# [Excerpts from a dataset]

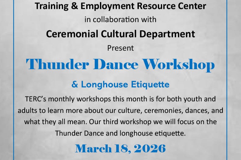 TERC and the Ceremonial Cultural Department present a Thunder Dance Workshop and Longhouse Etiquette training for both youth and adults to learn more about Seneca culture, ceremonies, dances, and their … Continued
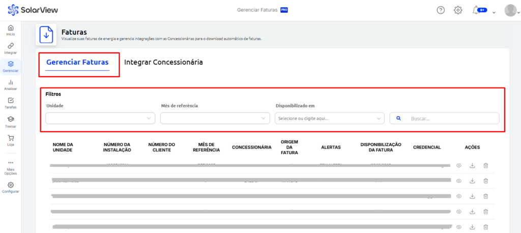 Você pode utilizar filtros para localizar as faturas dos seus clientes, pesquisando o nome da unidade, o mês de referência ou pelo modo que a fatura foi disponibilizada na Solarview ( pelo portal da concessionária ou pelo integrador).
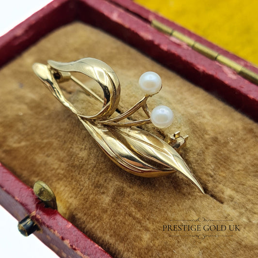 Vintage Leaf Design 9ct Gold & Pearl Brooch
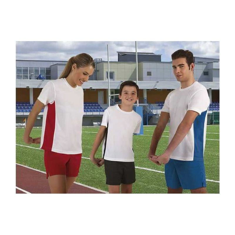 100% polyester. 145 grs/m2 breathable technical fabric. Round neck. Lateral bands in color. Double stitchingon neck, bottom and sleeves. 100 units per box. 10 units per package: 1 size, 1 color.
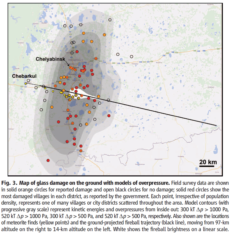 Asteroids 10-100 m in diameter can penetrate deep into Earth’s atmosphere and disrupt catastrophically, generating an atmospheric disturbance. Such an event occurred over the city of Chelyabinsk in Russia, in 2013, releasing energy equivalent to about 520 kilotons of TNT (1 kt TNT is equivalent to $4.184 \times 10^{12}$ J), and injuring thousands of people (Popova et al., 2013; Brown et al., 2013).
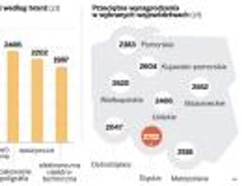 Do najlepiej opłacanych pracowników należą zatrudnieni w branży chemicznej. Zarobki połowy z nich przekroczyły 2997 zł, a co czwarty otrzymywał ponad 3580 zł miesięcznie. Najmniej zarabiają natomiast osoby zatrudnione w sektorach elektronicznym i elektrotechnicznym. Połowa z nich otrzymuje mniej niż 1987 zł.
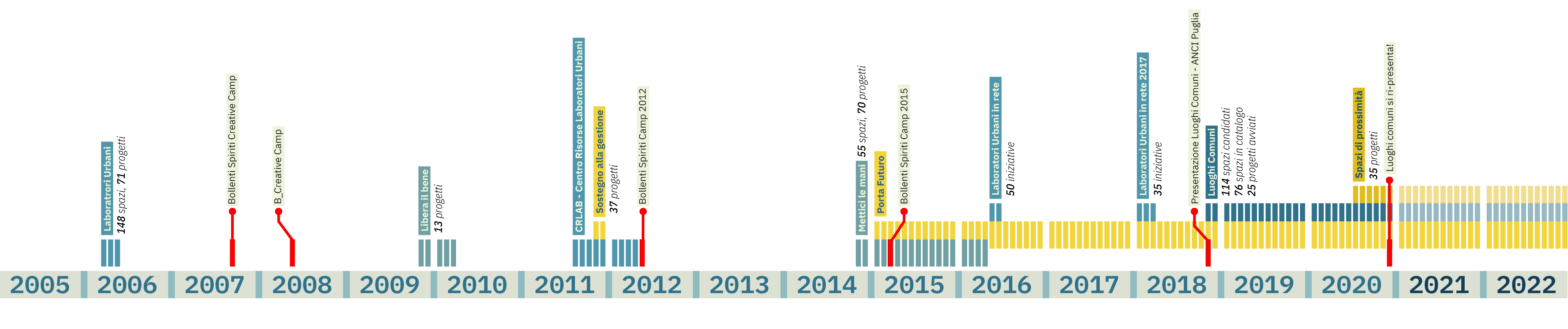 Nel corso degli ultimi 15 anni la Regione Puglia ha fortemente investito nella crescita di un ecosistema dove sviluppare esperienze di attivazione giovanile. Tra il 2008 e il 2016 con l’iniziativa Laboratori Urbani, la Regione Puglia ha finanziato la trasformazione di 150 edifici pubblici sottoutilizzati in spazi per i giovani offrendo supporto alla gestione e specifiche attività di formazione, networking e consulenza specialistica. Ogni Laboratorio nasce e si sviluppa con funzioni e vocazioni proprie (arte, spettacolo, nuove tecnologie, socializzazione,formazione, imprenditorialità, mobilità internazionale) rappresentando così un’opportunità prossima e accessibile di applicazione e consolidamento delle capacità e degli interessi dei giovani.
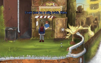 ![]() De puzzels zijn voornamelijk gebaseerd op je inventaris en passen heel logisch in het verhaal. Lever bijvoorbeeld een pakje af voor een fooi, die je dan weer ergens anders nodig hebt. Maar ook mensen en robots misleiden hoort erbij als je verder wilt. Verder zijn er nog minigames die eveneens prima geïntegreerd zijn in het verhaal. Zo speel je een ouderwets spelletje bommen ontwijken op een machine in een arcadehal. Je wilt immers tickets winnen. Al met al zijn de 'problemen' die je ontmoet niet echt moeilijk op te lossen als je het verhaal volgt en een beetje creatief denkt. Houd er wel rekening mee dat je in dit spel dood kunt gaan. In dat geval kun je vanaf het laatste checkpoint nog eens een poging wagen.
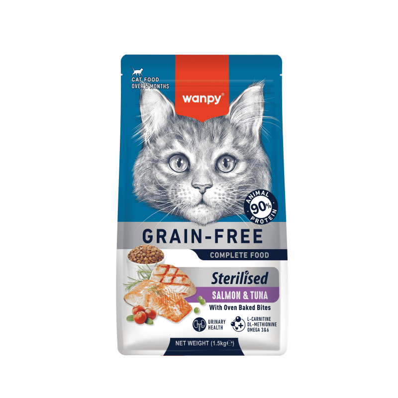 Wanpy Croquettes Sans Céréales au Thon et Saumon pour Chat Stérilisé 1.5kg
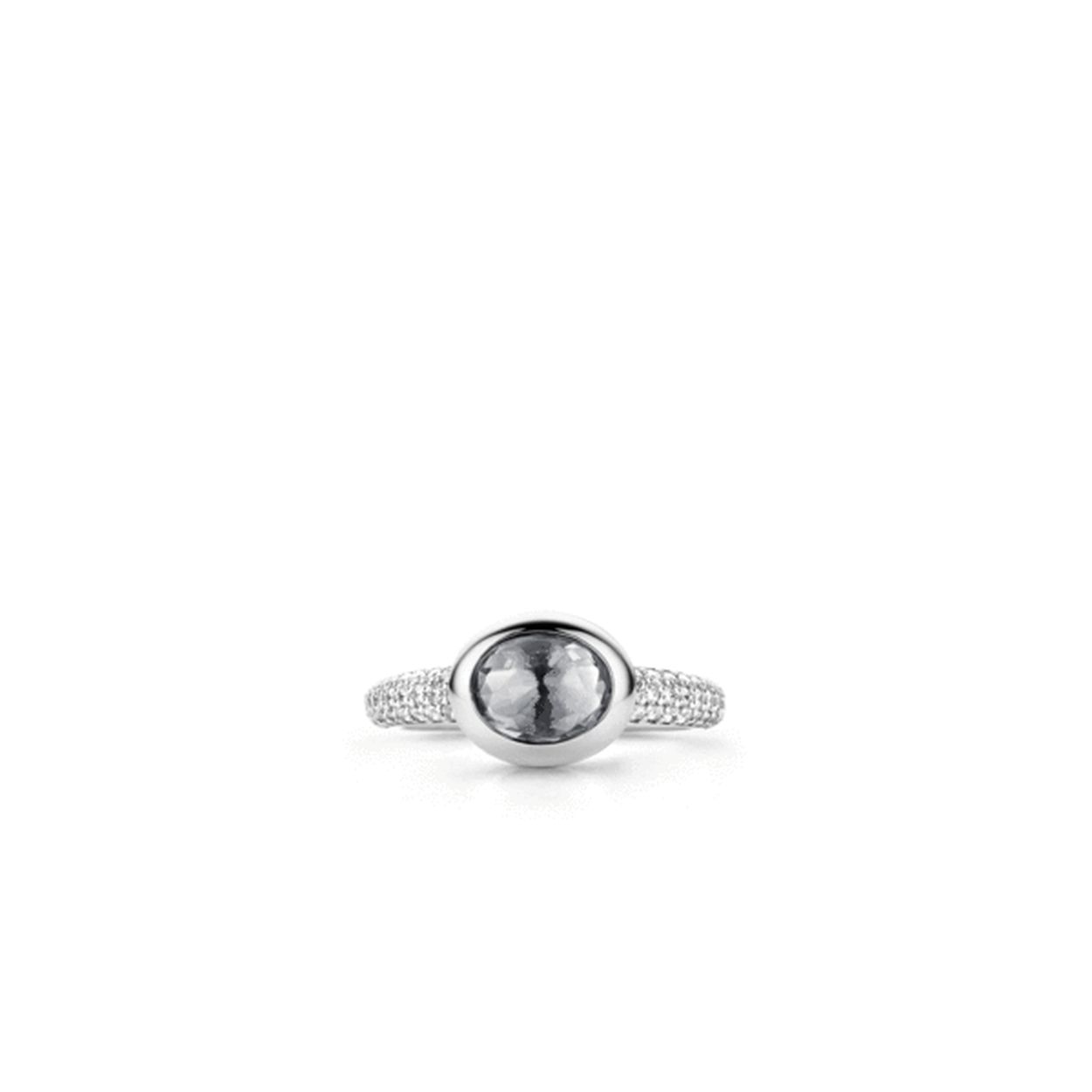 De sierlijke TI SENTO - Milano ring is voorzien van een ovale kristal in de kleur grijsblauw. De cabouchon kristal is gezet in een gladomzetting van gerhodineerd sterling zilver. De briljant geslepen zirkonia's zijn met de hand in een rijzetting verwerkt op de band van deze stijlvolle TI SENTO - Milano ring.
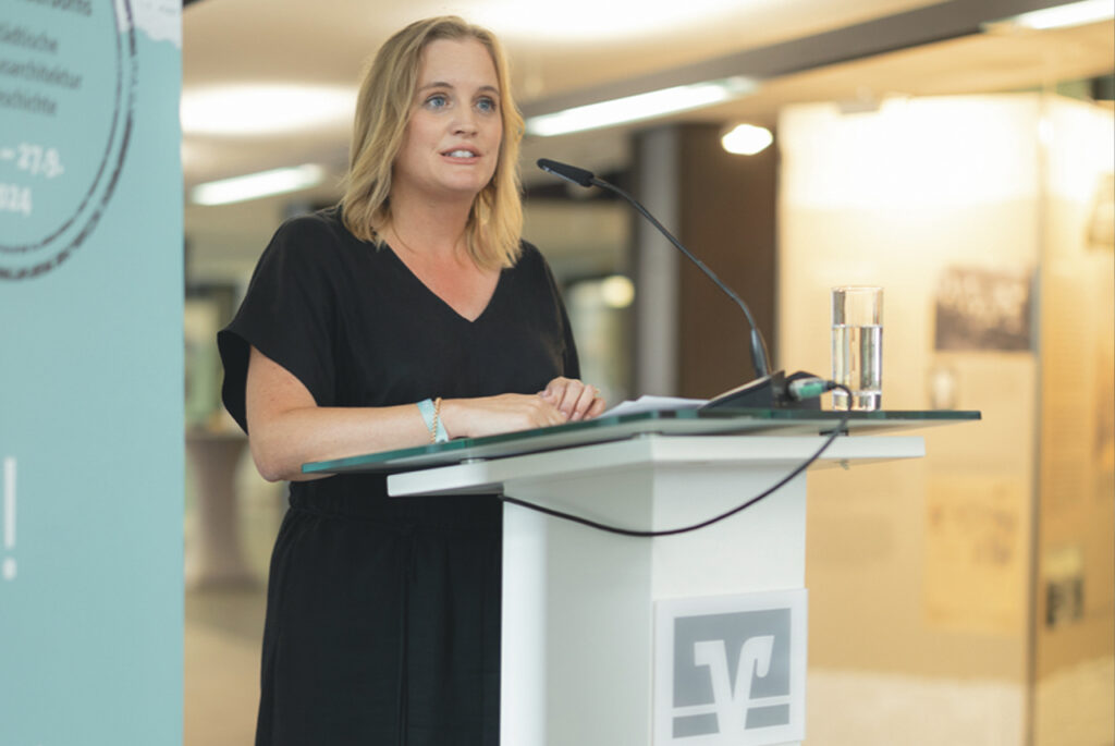 Der 25. Juli 2024 war ein Tag voller Emotionen und ein historischer Moment, der in die Paderborner Stadtgeschichte eingeht: Die offizielle Umbenennung des ehemaligen Kaufhauses „Steinberg & Grünebaum“ in „Haus Grünebaum“ war für alle Beteiligten deutlich mehr als das Enthüllen einer Gedenktafel. Vor allem die Anwesenheit von rund 30 Nachfahren der Familie Grünebaum, die für die Umbenennung des Hauses und die Eröffnung einer begleitenden Ausstellung aus Israel und den USA angereist waren, sorgte für emotionale Momente. Diese Ausstellung, die im BeratungsCenter am Neuen Platz eröffnet wurde, trug den Titel „Das Haus Grünebaum im Herzen Paderborns – Großstädtische Warenhausarchitektur mit Geschichte“. Sie wurde von Heike Sondermann-Salzig, die die Kunst- und Kultursammlung der Bank betreut, in enger Zusammenarbeit mit dem Stadt- und Kreisarchiv Paderborn konzipiert.
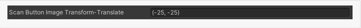 Sets the x and y coordinates of the image displayed in the scan button during marker tracking i.e. when webar-mode="marker-tracking". The x and y position of the image is the top left position, relative to the viewport of the origin of the element i.e the scan button. Use scan-btn-img-transform attribute's translate() method to position the image to the centre.
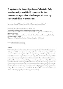 A harmonic study of electric field nonlinearity and field reversal in collisionless capacitive discharges driven by sawtooth-like waveforms.
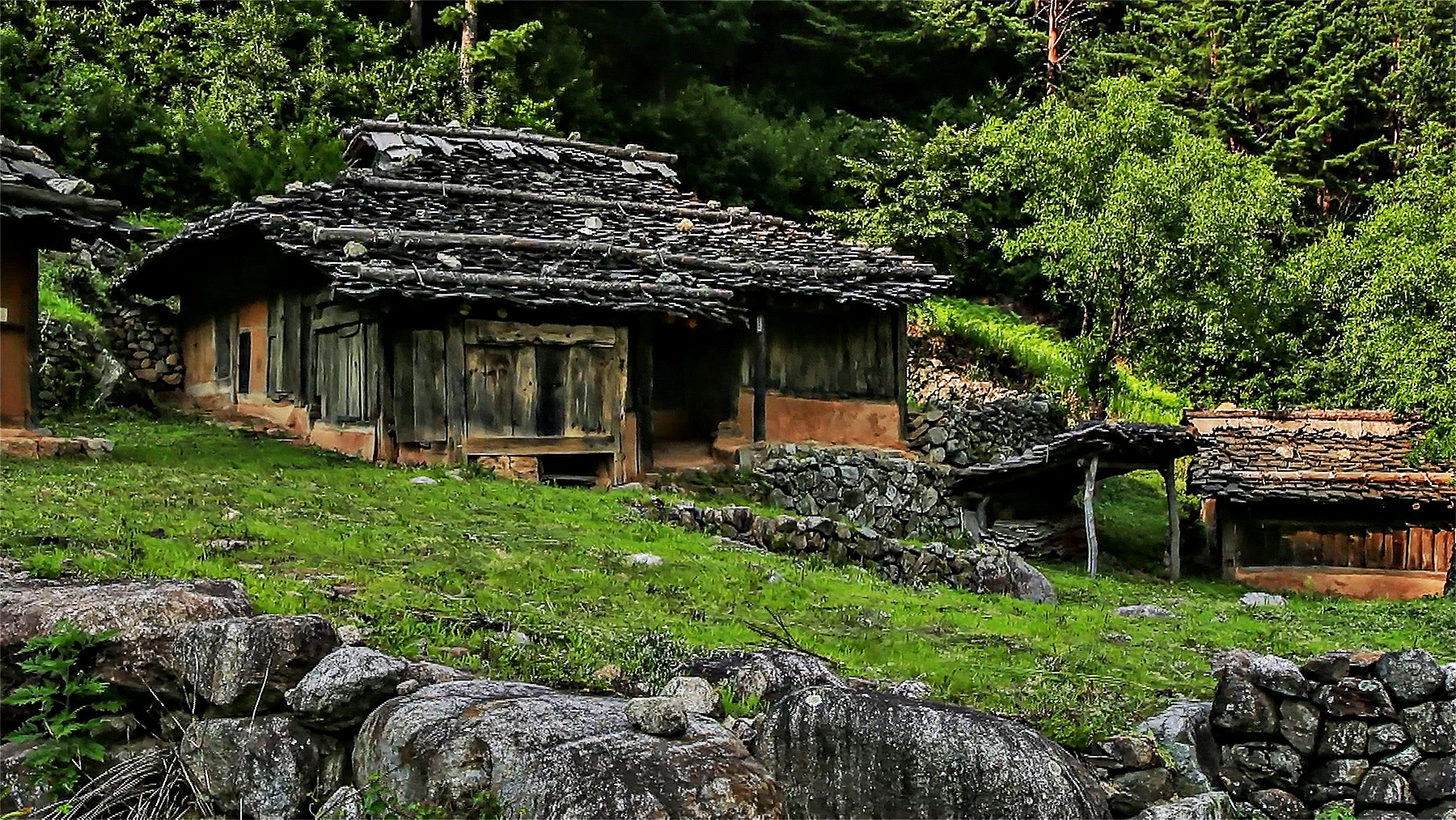 ▲ 정말 오래전에 촬영한 사진입니다. 제가 태어난 집은 1960년대 이렇게 지어진 강원도의 산촌에서 쉽게 만날 수 있던 북방식 구조의 너와집이었습니다. 굴피지붕을 얹은 굴피집에서도 살았었지요. 이런 집의 주변엔 달래와 냉이, 씀바귀가 봄이면 정말 많았습니다.
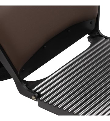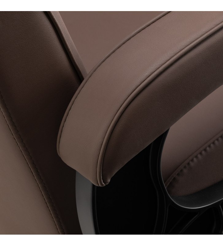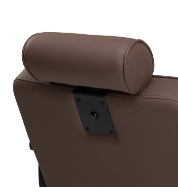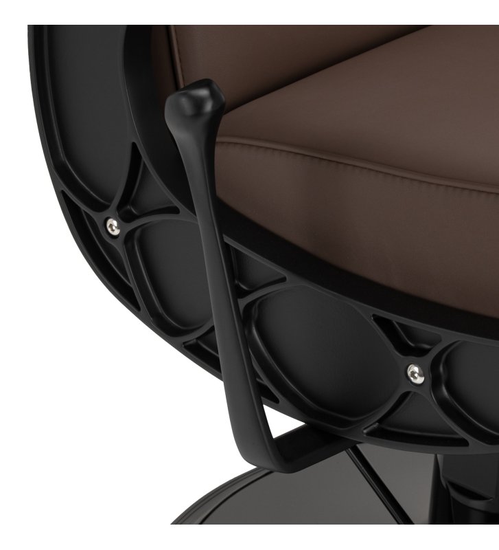 Komfortowe siedzisko wypełnione pianką gwarantuje klientowi wygodę w trakcie różnorodnych usług. Zapewniające doskonałe wsparcie pleców oparcie pozwala na zajęcie dogodnej pozycji, co ma znaczenie zwłaszcza w przypadku dłuższych zabiegów. Wyposażenie fotela w mechanizm pełnego obrotu sprawia, że praca staje się bardziej efektywna i wygodna. Tapicerowane podłokietniki umieszczone na odpowiedniej wysokości umożliwiają prawidłowe ułożenie barków klienta, zapobiegając chowaniu głowy w ramionach i garbieniu się.
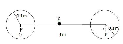 Gravitational force at point x will be zero. This is because gravitational force exerted by each spheres will act in opposite directions.
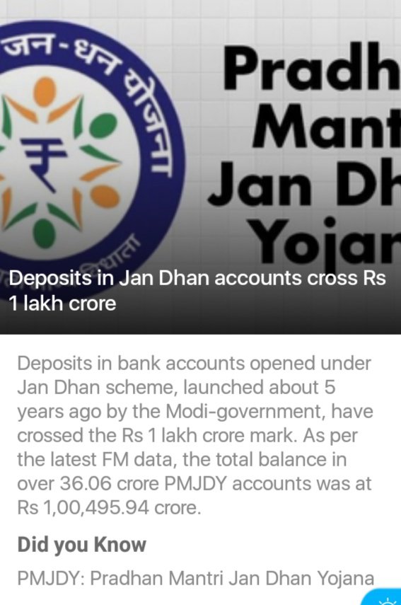 Deposits in Jan Dhan accounts cross 1 Lakh Crore.
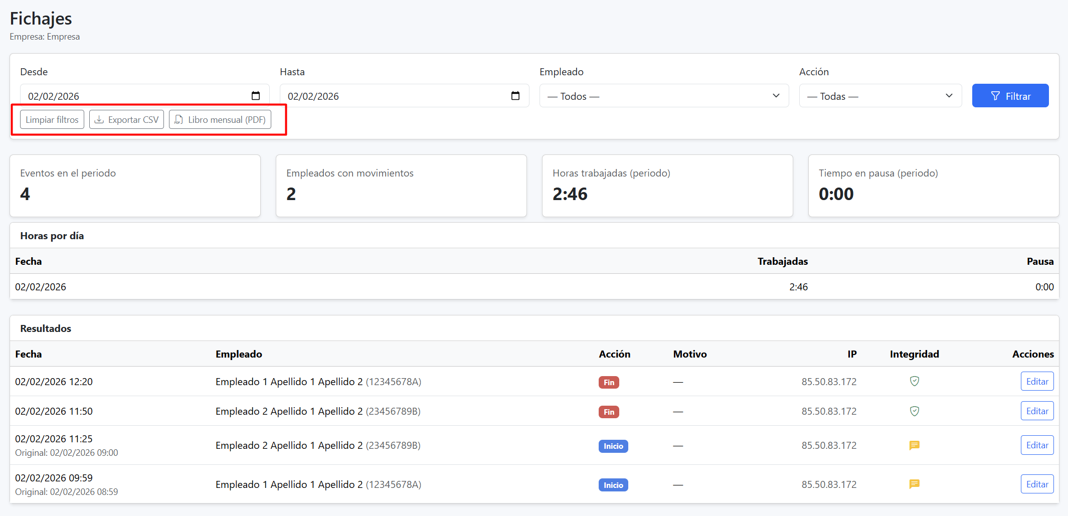 - Pulsar el botón "Filtrar" para actualizar los datos del sistema
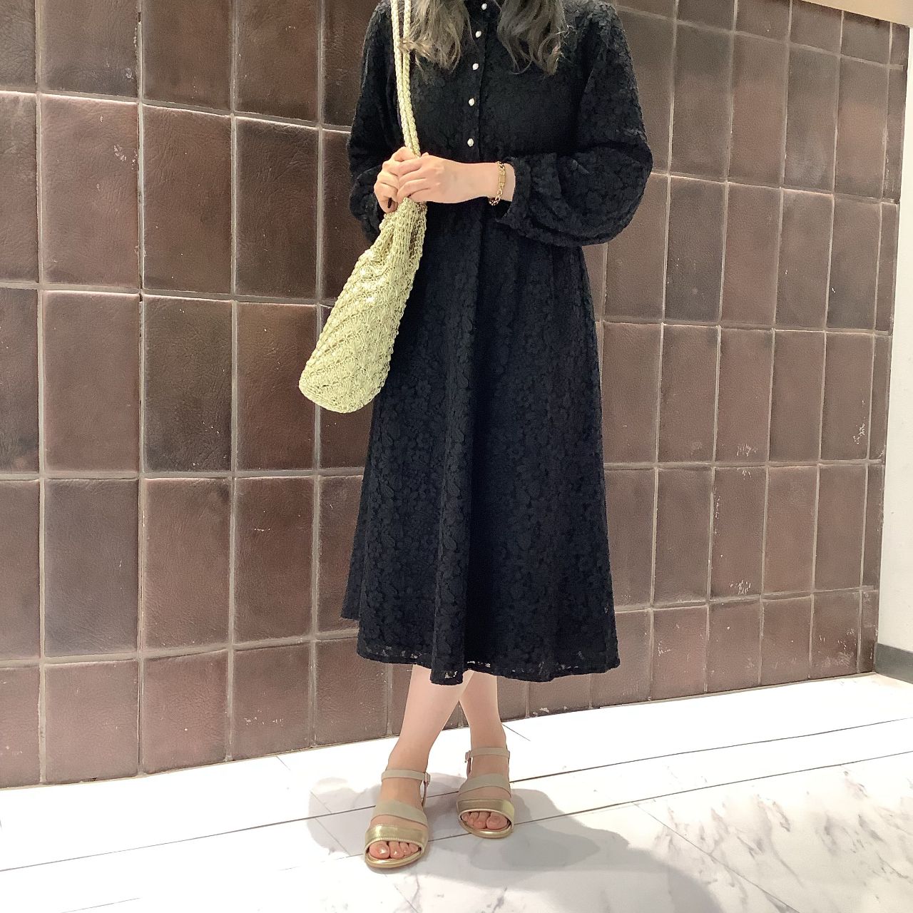 肌馴染みの良いゴールドとブラックのワンピースで、大人上品に。

# [GOAL OF THE EXERCISE]
From the line containing "Sets the x and" down to the last line of the entries above, copy each line exactly and nothing more. Leave pictures out.

# [RESPONSE AREA]
 Sets the x and y coordinates of the image displayed in the scan button during marker tracking i.e. when webar-mode="marker-tracking". The x and y position of the image is the top left position, relative to the viewport of the origin of the element i.e the scan button. Use scan-btn-img-transform attribute's translate() method to position the image to the centre.
 A harmonic study of electric field nonlinearity and field reversal in collisionless capacitive discharges driven by sawtooth-like waveforms.
 ▲ 정말 오래전에 촬영한 사진입니다. 제가 태어난 집은 1960년대 이렇게 지어진 강원도의 산촌에서 쉽게 만날 수 있던 북방식 구조의 너와집이었습니다. 굴피지붕을 얹은 굴피집에서도 살았었지요. 이런 집의 주변엔 달래와 냉이, 씀바귀가 봄이면 정말 많았습니다.
 Komfortowe siedzisko wypełnione pianką gwarantuje klientowi wygodę w trakcie różnorodnych usług. Zapewniające doskonałe wsparcie pleców oparcie pozwala na zajęcie dogodnej pozycji, co ma znaczenie zwłaszcza w przypadku dłuższych zabiegów. Wyposażenie fotela w mechanizm pełnego obrotu sprawia, że praca staje się bardziej efektywna i wygodna. Tapicerowane podłokietniki umieszczone na odpowiedniej wysokości umożliwiają prawidłowe ułożenie barków klienta, zapobiegając chowaniu głowy w ramionach i garbieniu się.
 Gravitational force at point x will be zero. This is because gravitational force exerted by each spheres will act in opposite directions.
 Deposits in Jan Dhan accounts cross 1 Lakh Crore.
 - Pulsar el botón "Filtrar" para actualizar los datos del sistema
 肌馴染みの良いゴールドとブラックのワンピースで、大人上品に。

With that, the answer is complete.